[Source records]

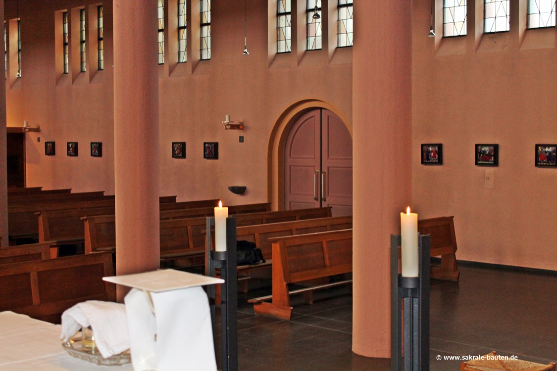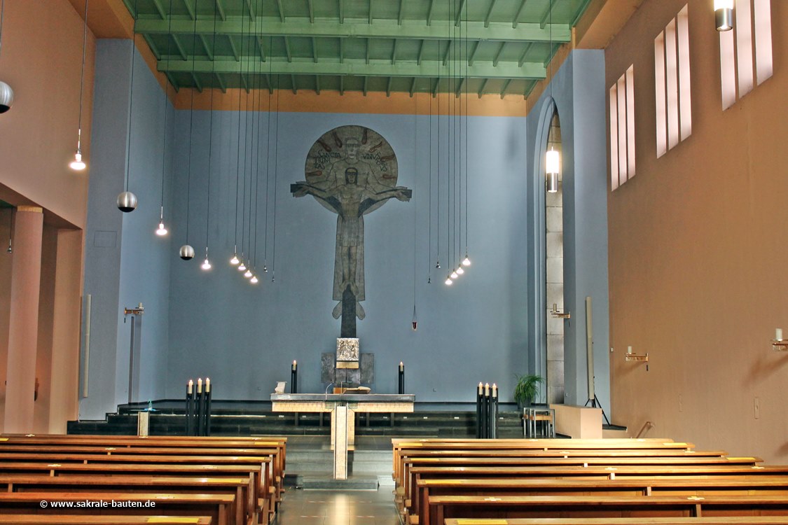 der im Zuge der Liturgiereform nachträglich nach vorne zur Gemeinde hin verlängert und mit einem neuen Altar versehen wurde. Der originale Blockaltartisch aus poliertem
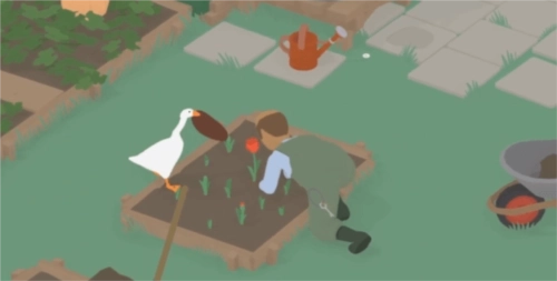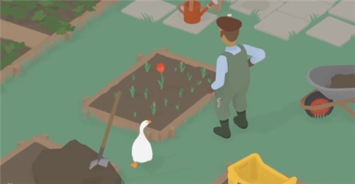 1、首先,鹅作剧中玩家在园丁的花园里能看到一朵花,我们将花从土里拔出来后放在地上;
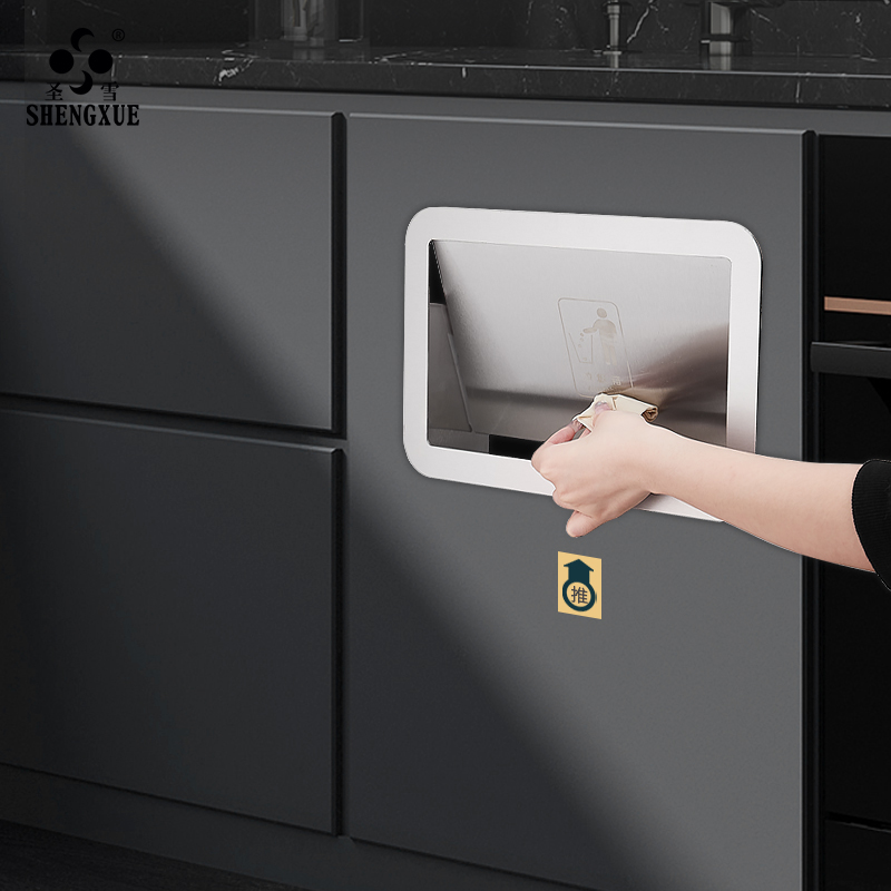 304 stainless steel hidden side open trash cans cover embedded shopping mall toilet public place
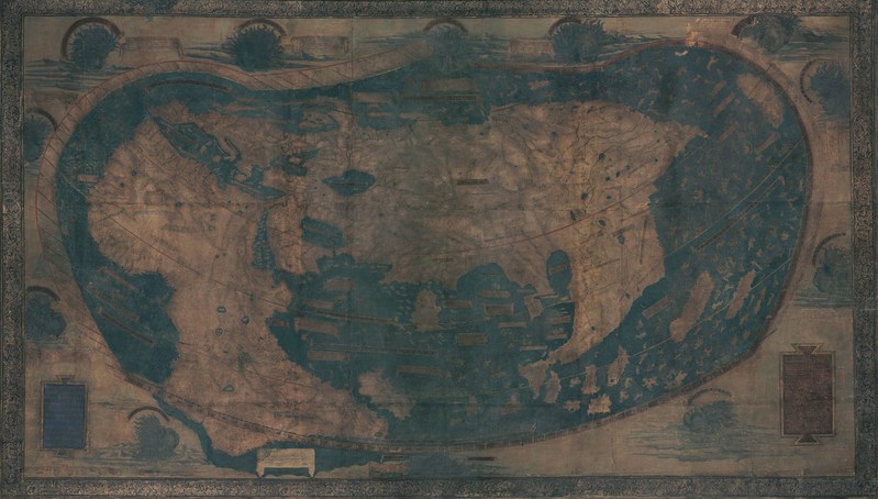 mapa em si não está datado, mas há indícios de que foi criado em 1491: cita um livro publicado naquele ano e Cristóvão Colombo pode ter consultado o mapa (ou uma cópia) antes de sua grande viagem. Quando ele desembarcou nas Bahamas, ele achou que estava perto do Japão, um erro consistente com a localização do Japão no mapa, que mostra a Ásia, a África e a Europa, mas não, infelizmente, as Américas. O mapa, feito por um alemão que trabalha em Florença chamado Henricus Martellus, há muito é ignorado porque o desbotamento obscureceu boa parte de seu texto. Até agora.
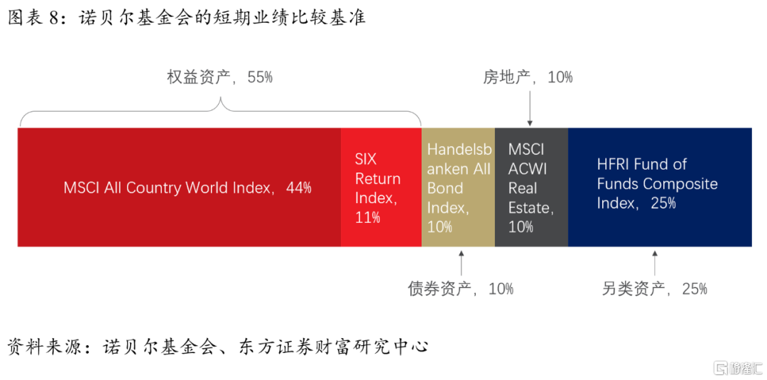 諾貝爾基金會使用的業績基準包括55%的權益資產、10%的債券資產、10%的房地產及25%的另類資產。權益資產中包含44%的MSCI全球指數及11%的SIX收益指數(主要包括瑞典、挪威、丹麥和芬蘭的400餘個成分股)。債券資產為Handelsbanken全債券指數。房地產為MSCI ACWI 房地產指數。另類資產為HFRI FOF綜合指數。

§ **The task**: Verbatim copy, pictures excluded: output the lines from the first line of the records above through the line containing "304 stainless steel".

§ **Answer box**:
 der im Zuge der Liturgiereform nachträglich nach vorne zur Gemeinde hin verlängert und mit einem neuen Altar versehen wurde. Der originale Blockaltartisch aus poliertem
 1、首先,鹅作剧中玩家在园丁的花园里能看到一朵花,我们将花从土里拔出来后放在地上;
 304 stainless steel hidden side open trash cans cover embedded shopping mall toilet public place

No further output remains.